Die anschließende Diskussion deckte ein breites Themenspektrum ab. Im Fokus standen dabei u.a. die strategischen Konsequenzen für Abschreckung aus dem Übergang von der bipolaren zur multipolaren Welt, die nach wie vor virulente Proliferation von Nuklearwaffen und der zu ihrer Verbringung erforderlichen weitreichenden Trägermitteln, die Aufnahme von Cyber-Bedrohung als strategische Bedrohung sowie die Zuordnung von Cyber-Verteidigung als integralem Anteil kollektiver Verteidigung in das aktuelle strategische Konzept der NATO, das Problem der nach wie vor unzureichenden Fähigkeit zur raschen Erkennung bzw. Zuordnung von Angreifern im Cyber-Raum (Attribution) sowie die daraus erwachsenden Schwierigkeiten für die Planung offensiver Cyber-Fähigkeiten, der notwendige Investitionsaufwand für den Aufbau und die Bereitstellung hinreichender Cyber-Verteidigungsfähigkeiten und Überlegungen zur operationellen Planung von Verteidigungsmaßnahmen mit vollständiger Integration von Cyber-Verteidigung. Beim Vergleich strategischer Aspekte des nuklearen und des Cyber-Bereichs wurden vor allem die äußerst beschränkte Frühwarnfähigkeit, Transparenz und Berechenbarkeit, aber auch die sehr unwahrscheinliche Wirksamkeit von Rüstungskontroll- oder Abrüstungsmaßnahmen im Cyber-Raum herausgestellt. Weitgehende Übereinstimmung konnte festgestellt werden, dass künftig beide Bereiche, der nukleare Bereich und der Cyber-Raum, unvermindert hohe Aufmerksamkeit und entsprechende Berücksichtigung in der gesamtstaatlichen Sicherheitsvorsorge sowie in der Verteidigungsstrategie des Bündnisses verdienen.

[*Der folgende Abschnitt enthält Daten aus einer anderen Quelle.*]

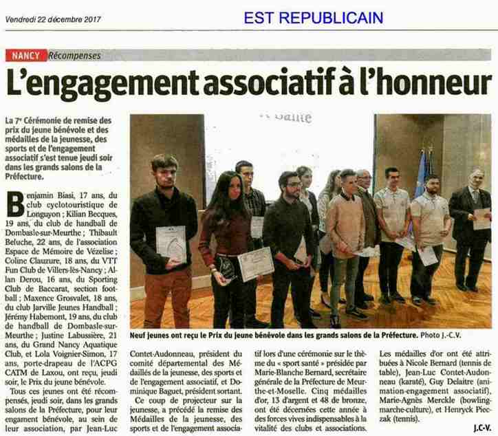 cérémonie, furent remis 9 diplômes à de jeunes bénévoles, des médailles
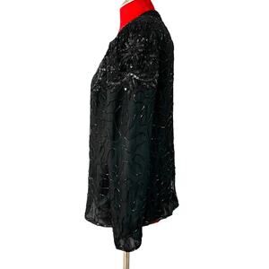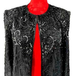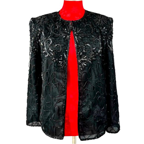 JMD New York vintage black silk cocktail jacket - size S - beads & sequins exterior on sheer long sleeve jacket - original store tag attached - this jacket is circa 1980's NEW OLD STOCK. Open front with a single hook clasp at the neckline - shoulder pads add a fantastic vintage shape to this piece. Clearly tagged - in excellent vintage condition - no apparent damage or flaws - just stunning!
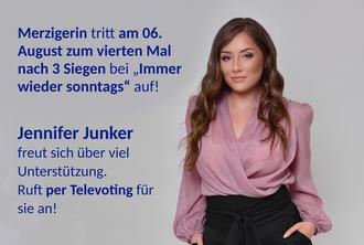 Zeit zum Ausruhen bleibt der Jurastudentin allerdings nicht. Bereits am Sonntag wird Jennifer Junker erneut auf der großen Bühne von „Immer wieder sonntags“ stehen und möchte wieder eine Runde weiterkommen. Daher hofft die Sängerin erneut Unterstützung aus der Merziger Bevölkerung zu erhalten. Zu sehen sein wird die Sendung „Immer wieder sonntags“ ab 10:00 Uhr in der ARD.
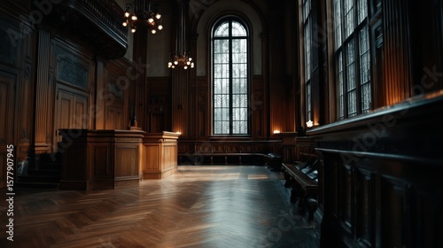 Fototapeta premium Elegant courtroom with towering windows and polished wood elements inviting...
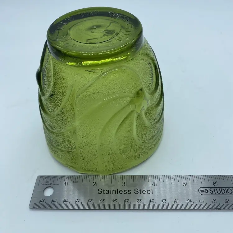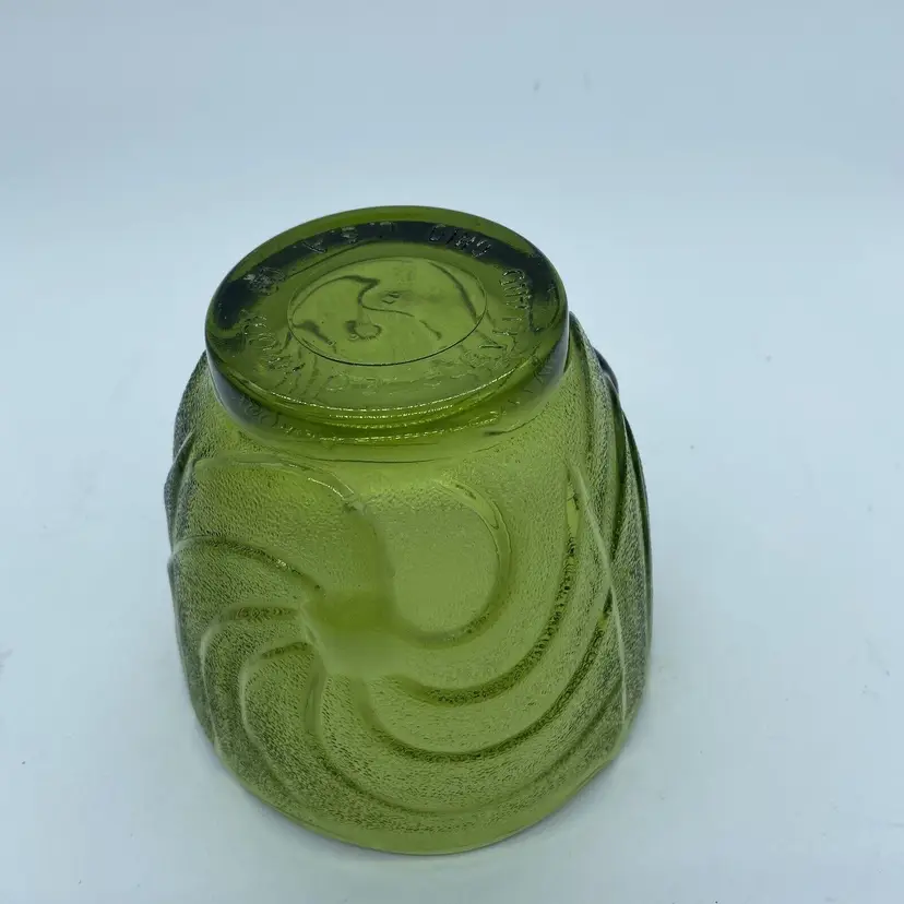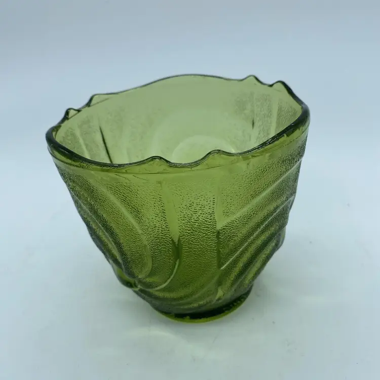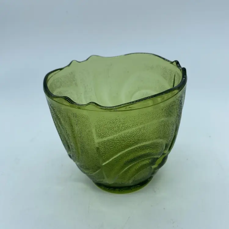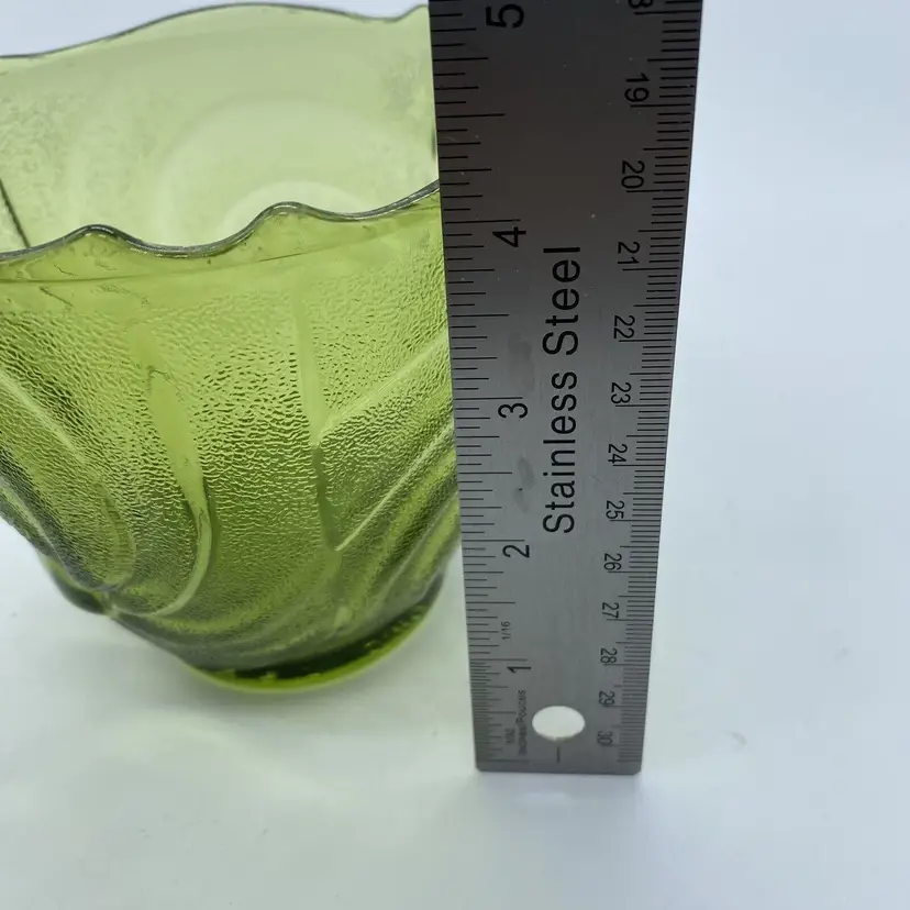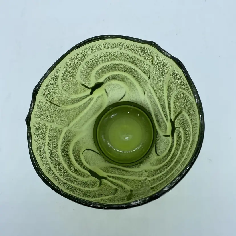 Green Pressed Glass with texture and a scallopped uneven rim. Lovely swirl within.
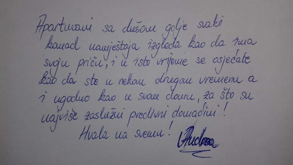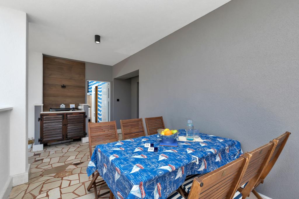 Stylish and comfortably furnished apartments near the old town, city center, port, sports center and natural beach. It is located 5 minutes walk from the city center and 5 minutes from the nearest beach in the forest park Osejava. Family tradition of renting apartments since 1968. The apartments are comfortable and spacious, modern and stylishly equipped. They offer views of the sea, islands and Mount Biokovo. Each apartment has a large terrace of 20 m2, with dining table and electric grill. Parking spaces for guests are provided in the yard of the house. Ideal and suitable for families with small children because we are located in a quiet part of town surrounded by greenery. Nearby are a doctor, pharmacy, market and market.
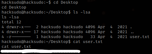 Next, I went to the home of the user, cd ~, and used ls -lsa to see if there was anything. There was not much (I looked at aliens51 and there was nothing important), so then I used cd Desktop and ls -lsa to see if there was anything interesting on there. There was user.txt that if read (cat user.txt) gives the first flag.
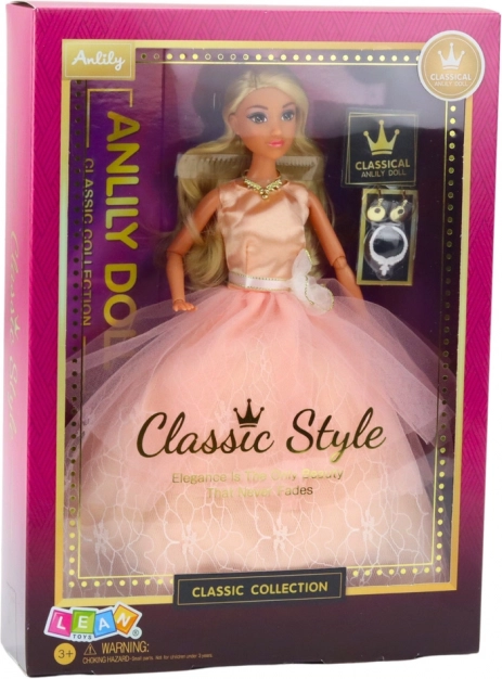 Anlily Doll in Powder Evening Dress is an elegant toy that will enchant any little fan of style and fairy tales. The dress in a soft pink shade is adorned with lace and tulle, making it an exceptional piece.
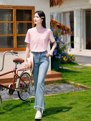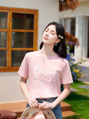 ATAR休闲夏季新品女字母刺绣短袖T恤衫2025时尚百搭减龄圆领上衣
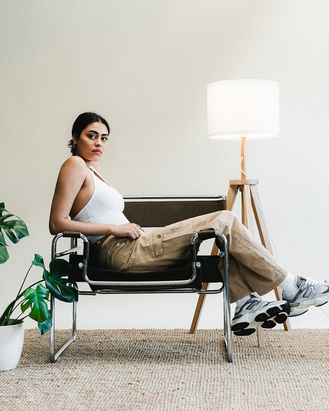 The New Balance 9060 is the perfect choice for those who want the chunky sneaker look and trendy color on their feet. With its bold design and comfortable silhouette, this look makes a statement in style and comfort. It is also super easy to mix and match and adds the finishing touch to any look.

Der Moderator wies in seinem Schlusswort nochmals auf die künftigen geopolitischen und technologischen Herausforderungen hin und unterstrich die Notwendigkeit, dass sowohl der Nuklearbereich als auch der Cyber-Raum integrale Bestandteile einer sicherheitspolitischen Gesamtstrategie sein bzw. bleiben müssen. Die seit Jahren festzustellende Auflösung der Grenzen zwischen Frieden und Krieg durch eine permanente, latente Cyber-Bedrohung, aber auch der anhaltende Trend zur asymmetrischen Kriegsführung bzw. „Hybridisierung von Konflikten“ ließen eine weiter zunehmende Komplexität der Sicherheitslage erwarten. Herrmann gab seiner Hoffnung Ausdruck, dass die Veranstaltung Denkanstöße für zweifelsohne erforderliche weiterführende Diskussionen liefern konnte. Er dankte abschließend dem Auditorium für die zahlreichen engagierten Fragen und Kommentare und den beiden Referenten für ihre sehr gelungenen Vorträge und ihre geschätzten Diskussionsbeiträge.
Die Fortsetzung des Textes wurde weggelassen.